**ACTION ITEM**
Take the lines below between the one holding "Cliquez sur certaines images ou cartels !" and the one holding "Se han encontrado", inclusive, and copy them exactly. Add nothing.

**RECORDS FOR THIS TASK**
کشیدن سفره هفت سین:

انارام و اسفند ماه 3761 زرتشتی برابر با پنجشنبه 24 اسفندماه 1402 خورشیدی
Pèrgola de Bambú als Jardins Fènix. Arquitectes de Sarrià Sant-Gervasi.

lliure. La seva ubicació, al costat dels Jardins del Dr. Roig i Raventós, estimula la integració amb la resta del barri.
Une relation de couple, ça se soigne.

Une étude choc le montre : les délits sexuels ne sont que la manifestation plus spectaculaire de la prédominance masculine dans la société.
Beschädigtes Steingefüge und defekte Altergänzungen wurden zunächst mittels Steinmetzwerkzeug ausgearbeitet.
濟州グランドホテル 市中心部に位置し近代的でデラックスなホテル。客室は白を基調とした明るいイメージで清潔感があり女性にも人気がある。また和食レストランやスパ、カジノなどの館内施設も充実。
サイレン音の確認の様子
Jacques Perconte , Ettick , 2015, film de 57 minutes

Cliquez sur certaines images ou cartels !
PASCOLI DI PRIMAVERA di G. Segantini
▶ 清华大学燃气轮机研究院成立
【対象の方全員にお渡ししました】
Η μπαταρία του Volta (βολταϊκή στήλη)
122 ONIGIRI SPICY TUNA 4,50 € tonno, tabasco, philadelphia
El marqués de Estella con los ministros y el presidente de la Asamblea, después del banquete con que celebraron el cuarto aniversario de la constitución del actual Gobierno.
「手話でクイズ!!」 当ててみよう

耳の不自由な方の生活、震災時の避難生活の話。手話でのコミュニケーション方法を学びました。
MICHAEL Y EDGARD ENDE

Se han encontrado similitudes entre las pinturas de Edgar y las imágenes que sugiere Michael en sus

--

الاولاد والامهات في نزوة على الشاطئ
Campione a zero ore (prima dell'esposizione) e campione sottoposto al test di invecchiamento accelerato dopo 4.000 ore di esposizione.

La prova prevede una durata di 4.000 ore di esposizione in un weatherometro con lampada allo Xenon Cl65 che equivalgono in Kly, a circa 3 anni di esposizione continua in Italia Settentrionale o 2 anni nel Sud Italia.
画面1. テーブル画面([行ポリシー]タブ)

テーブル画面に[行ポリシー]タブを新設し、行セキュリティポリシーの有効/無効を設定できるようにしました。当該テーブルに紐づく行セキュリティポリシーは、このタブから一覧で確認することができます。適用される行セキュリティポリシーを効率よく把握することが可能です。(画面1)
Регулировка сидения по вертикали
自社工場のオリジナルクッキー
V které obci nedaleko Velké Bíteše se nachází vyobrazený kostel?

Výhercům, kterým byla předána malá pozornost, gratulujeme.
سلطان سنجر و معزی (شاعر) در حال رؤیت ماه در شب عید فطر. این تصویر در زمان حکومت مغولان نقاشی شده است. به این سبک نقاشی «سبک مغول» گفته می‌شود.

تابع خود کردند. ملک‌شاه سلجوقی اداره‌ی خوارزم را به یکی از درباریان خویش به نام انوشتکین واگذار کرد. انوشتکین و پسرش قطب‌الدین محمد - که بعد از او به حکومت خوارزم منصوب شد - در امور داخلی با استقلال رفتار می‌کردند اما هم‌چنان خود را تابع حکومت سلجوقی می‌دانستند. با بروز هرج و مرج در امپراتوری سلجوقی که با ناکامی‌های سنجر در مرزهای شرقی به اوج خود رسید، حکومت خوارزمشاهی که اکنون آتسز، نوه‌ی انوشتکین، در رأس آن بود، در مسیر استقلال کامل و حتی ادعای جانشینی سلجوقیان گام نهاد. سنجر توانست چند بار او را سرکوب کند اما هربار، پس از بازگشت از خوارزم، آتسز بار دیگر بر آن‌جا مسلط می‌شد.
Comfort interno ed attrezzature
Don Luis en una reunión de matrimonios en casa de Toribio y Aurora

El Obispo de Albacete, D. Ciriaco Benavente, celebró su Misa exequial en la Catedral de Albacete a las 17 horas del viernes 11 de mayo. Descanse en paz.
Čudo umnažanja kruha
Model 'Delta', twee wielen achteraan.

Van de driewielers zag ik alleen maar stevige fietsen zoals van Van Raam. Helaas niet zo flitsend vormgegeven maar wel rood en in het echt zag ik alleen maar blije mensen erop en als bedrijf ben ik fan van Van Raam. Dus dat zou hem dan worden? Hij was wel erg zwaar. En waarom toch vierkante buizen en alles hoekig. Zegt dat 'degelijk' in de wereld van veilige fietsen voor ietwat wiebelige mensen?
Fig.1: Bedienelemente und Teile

* * *

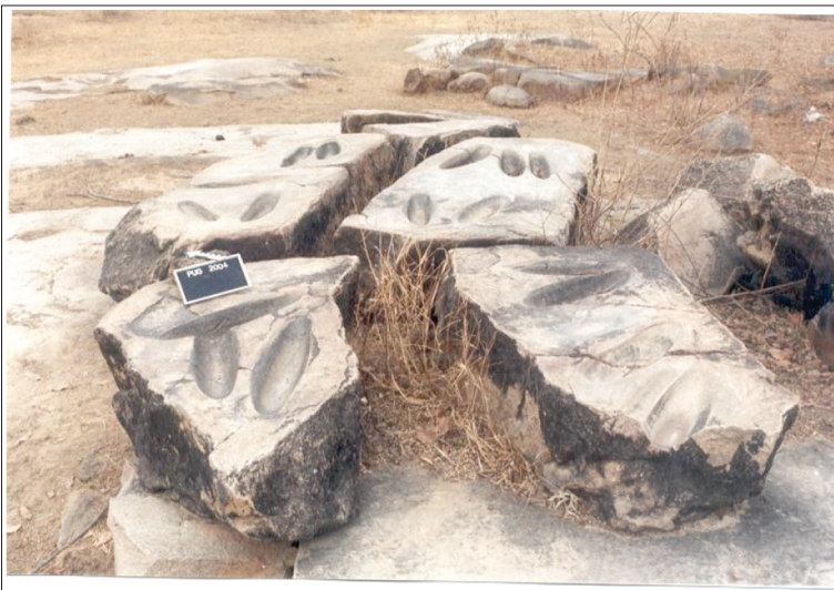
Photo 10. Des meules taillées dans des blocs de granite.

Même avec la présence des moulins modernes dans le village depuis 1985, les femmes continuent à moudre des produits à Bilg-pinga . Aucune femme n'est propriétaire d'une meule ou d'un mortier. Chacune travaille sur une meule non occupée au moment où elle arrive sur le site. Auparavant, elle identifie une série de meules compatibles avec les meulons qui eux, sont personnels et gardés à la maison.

**WRITTEN RESPONSE**
Cliquez sur certaines images ou cartels !
PASCOLI DI PRIMAVERA di G. Segantini
▶ 清华大学燃气轮机研究院成立
【対象の方全員にお渡ししました】
Η μπαταρία του Volta (βολταϊκή στήλη)
122 ONIGIRI SPICY TUNA 4,50 € tonno, tabasco, philadelphia
El marqués de Estella con los ministros y el presidente de la Asamblea, después del banquete con que celebraron el cuarto aniversario de la constitución del actual Gobierno.
「手話でクイズ!!」 当ててみよう

耳の不自由な方の生活、震災時の避難生活の話。手話でのコミュニケーション方法を学びました。
MICHAEL Y EDGARD ENDE

Se han encontrado similitudes entre las pinturas de Edgar y las imágenes que sugiere Michael en sus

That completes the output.